На пути - Жорис-Карл Гюисманс
Шрифт:
Интервал:
Закладка:
Они суть птичьи гнезда: орел, символизирующий Веру, живет в язве на левой стопе, в отверстии правой стопы селятся горлицы стенающего умиления, в прободенной левой ладони нашла убежище голубка, олицетворяющая забвение себя, в зиянии же ладони правой обитает эмблема любви — пеликан.
Эти птицы вылетают из гнезд, подхватывают душу и относят ее в брачный покой раны, отверстой на боку Спасителя.
И не эта ли кармелитка, восхищенная благодатной силой, столь презирает показания чувств, что обращается к Господу: «Если бы я видела Тебя очами моими, не имела бы веры, ибо вера начинается там, где кончается очевидное».
— Если хорошенько подумать, — проговорил Дюрталь, — Маддалена Пацци в своих диалогах и видениях открывает выразительнейшие перспективы, но душа, замазанная воском греха, не может за ней следовать. Нет, не эта святая утешит меня в обители! Ба! — продолжал он, смахнув пыль с очередного тома в серенькой обложке: у меня, оказывается, есть «Пресвятая Кровь» отца Фабера…{51}
И он задумался, перелистывая страницы прямо у полки.
Припомнилось давно забытое впечатление от первого чтения этой книги. Сочинение отца-ораторианца было по меньшей мере оригинальным. Его страницы кипели, с шумом перетекали друг в друга, гнали волны видений, подобных тем, что придумывал Гюго, развертывали обзоры эпох, как желал бы сделать это Мишле. Торжественная процессия проносила Кровь Христову из глуби времен, от начала века; Она протекала через миры, окропляла народы, заливала собой все человечество.

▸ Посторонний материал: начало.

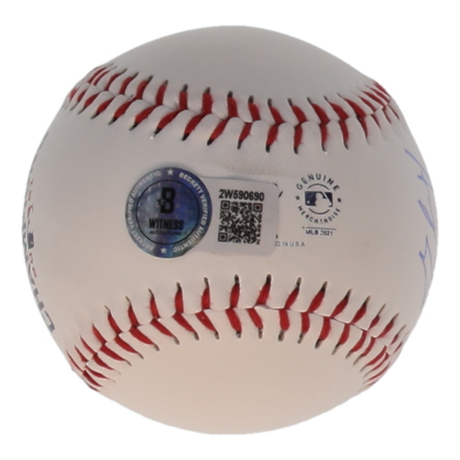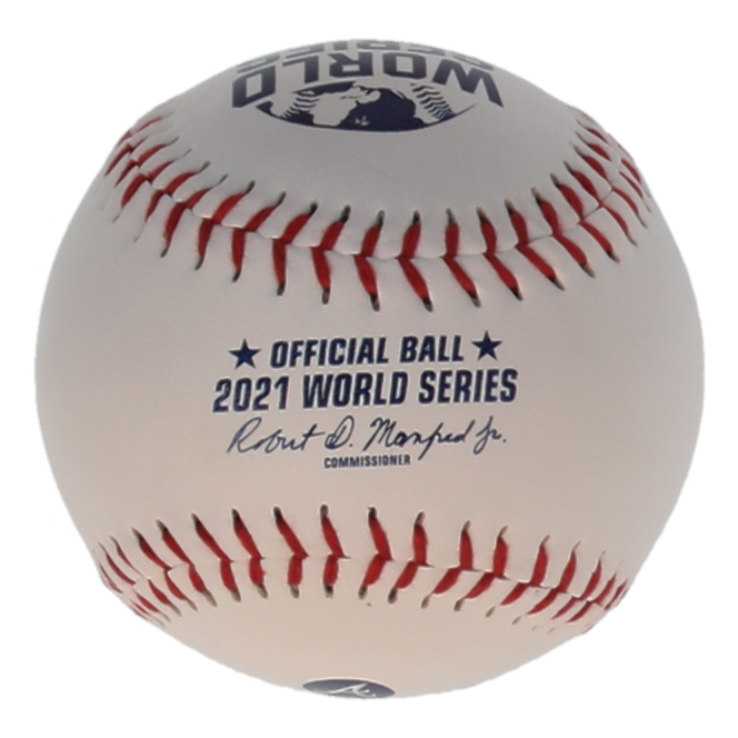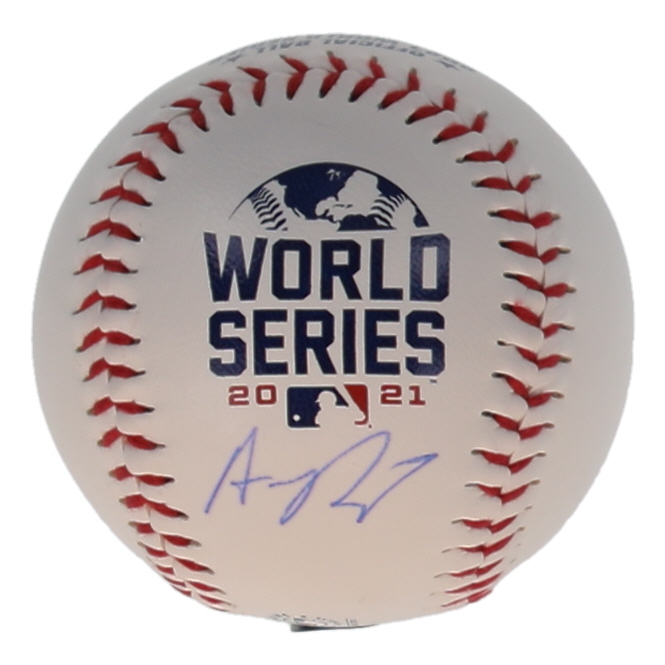 Rawlings Official 2021 World Series Baseball. Hand-signed by Austin Riley (Atlanta Braves). Please note, there are minor stains throughout the baseball.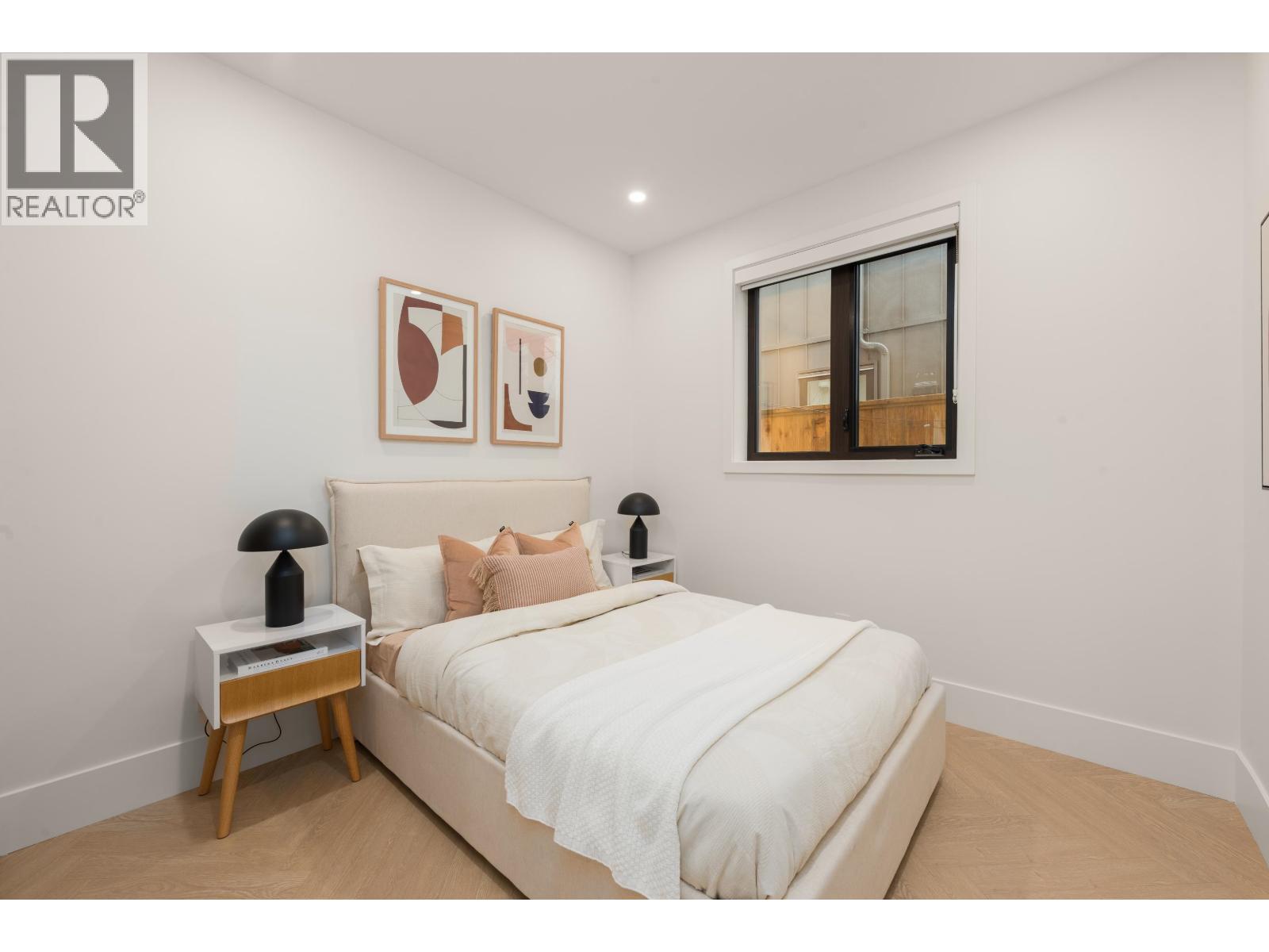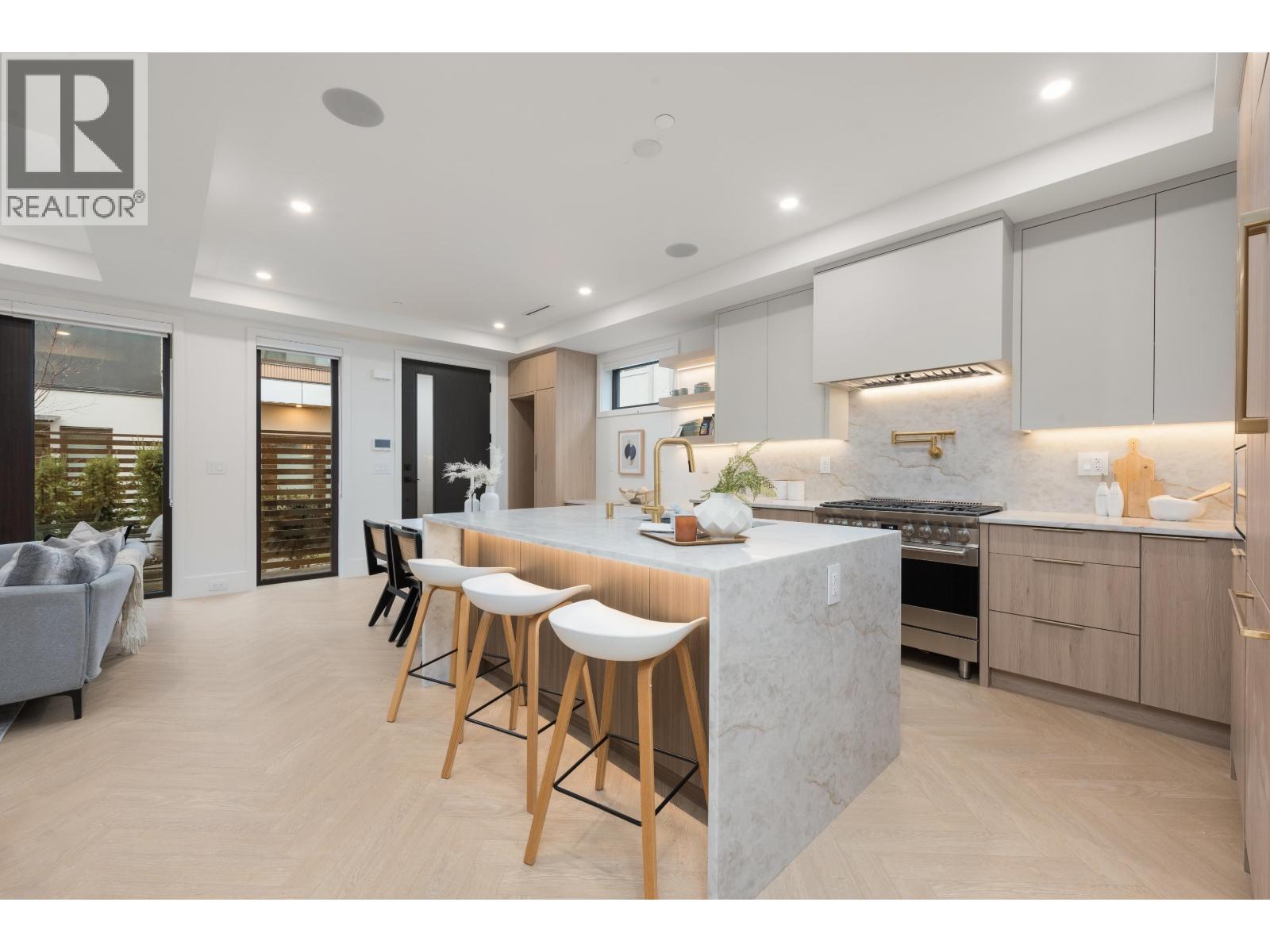 Welcome to Mira at Trout Lake. This stunning 2 level East facing duplex with private patio boasts a seamless indoor-outdoor flow through expansive tri-fold doors. Amazing design with bedroom and bath on the main floor and an addtional 3 bedrooms and 2 bath on the 2nd floor. Interiors are defined by thoughtful design, featuring herringbone wood flooring on the main level, wide plank oak above, and textured fluted limestone feature walls. Over-height ceilings, arched passages, and custom millwork create a sense of quiet sophistication. Kitchen designed for both function and presentation with integrated Smeg appliances, gas cooking, pot filler, deep Blanco sinks, and quartz countertops with full-height backsplash. Bathrooms deliver a spa-like experience with floating vanities, frameless glass shower, large format tile, and curated lighting. Each home includes air conditioning, in-suite ventilation, acoustic window systems, built-in speakers, security, and 2-5-10 warranty. Open House Sat & Sun 2-4pm (id:58403)

Отец Фабер был, собственно, не столько мистиком, сколько визионером и поэтом; несмотря на обилие риторических приемов, внедренных в плоть его труда, которыми он вырывал души из почвы и гнал за собой по течению, как только читатель, опомнившись, пытался сообразить, что же он видел и слышал, ничего не приходило на ум; подумав, человек понимал, что мелодическая идея произведения была слишком тонка, чересчур нитевидна, чтобы ее исполнять таким грохочущим оркестром. Кроме того, от такого чтения оставалось впечатление лихорадочности, излишества, от которого становилось неловко и приходила мысль: далеки такого рода сочинения от божественной полноты великих мистиков!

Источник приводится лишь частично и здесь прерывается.